Unexpected allocatable behaviour

Help
1

I’m trying to better understand allocatable, something that I don’t fully understand and feel like could introduce a ton of hard-to-find errors is that I can access any index even if I haven’t allocated the array up to that dimension. A simple example would be this:

program main
    implicit none
    real, allocatable :: x(:, :)
    integer :: i

    allocate(x(2, 2))

    x(1, :) = [1, 2]
    x(2, :) = [3, 5]

    do i=1, 10
        print *, x(i, :)
    end do

end program main

which outputs:

  1.00000000       2.00000000
   3.00000000       5.00000000
   0.00000000       0.00000000
   2.00000000       1.68919523E-40
   5.00000000       0.00000000
   0.00000000       0.00000000
   1.68919523E-40   0.00000000
   0.00000000       0.00000000
   0.00000000       0.00000000
   0.00000000       0.00000000

I would expect an error after i=3 but that’s not the case. Is there any way to avoid this behavior?

1 Like
2

Hi! yes, there is the “-check bounds” (ifort) flag that can help you out! this might take a bit of performance out of your execution but the code will indeed be much more reliable

image
image798×315 12.6 KB

Without the flag:
image

For gfortran check this thread: fortran - gfortran -fbounds-check doesn't always work? - Stack Overflow

3

Fortran does not have any automatic bounds check. And it has nothing to do with allocatables. You will get similar results with a “static” array.

4

@fedebenelli ,

Your concerns are legit, 'most everyone can empathize with you and relate to your needs.

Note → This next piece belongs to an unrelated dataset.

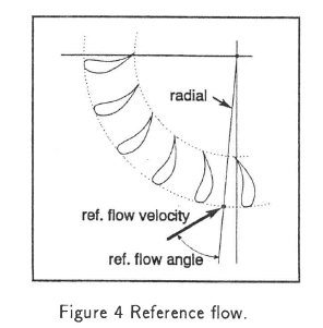 A 'free stream' is commonly defined during the analysis of the flow around single profiles or in rectilinear cascades. The equivalent for the radial cascade is a free spiral vortex which follows from the conformai transformation mapping a Cartesian coordinate system onto a polar system as detailed for example by Wislicenus [5] and Scholz.[6] The free spiral vortex is centred at the cascade centre and consists

Under the circumstances, you may want to consider the following:

  1. see if it is viable for you to use more than Fortran compiler to test your code and luckily in this respect, you have the advantage of tapping into gfortran, Intel Fortran, LFortran, etc.
  2. view the compiler as two different ones, a debugging compiler and an optimizing one. Use the former during your development and the latter to achieve peak performance. Then with the debugging compiler (e.g., with -g compiler option), look into the available options such as with Intel Fortran’s -check:bounds, -check:pointer, etc. to test drive your code. Other compilers may offer similar or other options, check their documentation.
  3. Also, see if defensive programming is possible for you. Fortran language offers some “tools” for the same. For example, with the code in the original post, you can do
   real, allocatable :: x(:, :)
   integer :: i

   allocate(x(2, 2))

   x(1, :) = [1, 2]
   x(2, :) = [3, 5]

   if ( allocated(x) ) then 
      do i = lbound(x,dim=1), ubound(x,dim=1)
        print *, x(i, :)
      end do
   end if

end

which will output:

C:\temp>gfortran -ffree-form p.f -o p.exe

C:\temp>p.exe
   1.00000000       2.00000000
   3.00000000       5.00000000

Best,

5

Runtime checks like bound-checking can be computationaly expensive, and Fortran is traditionnally targeting high performance computing. That’s why the standard doesn’t require the compilers to perform runtime checks, and that’s why the compilers do not apply them by default.

6

A good point is that Fortran arrays begin at 1 by default, so bound errors are less frequent than in C… :grinning:

7

Hi @fedebenelli,

Your “which outputs:” shows output that is different from @hkvzjal’s expected output, without any “check bounds” , as for i=3 you are reporting 0 0. This is surprising.
Can you report the compiler, OS and compile options you used ?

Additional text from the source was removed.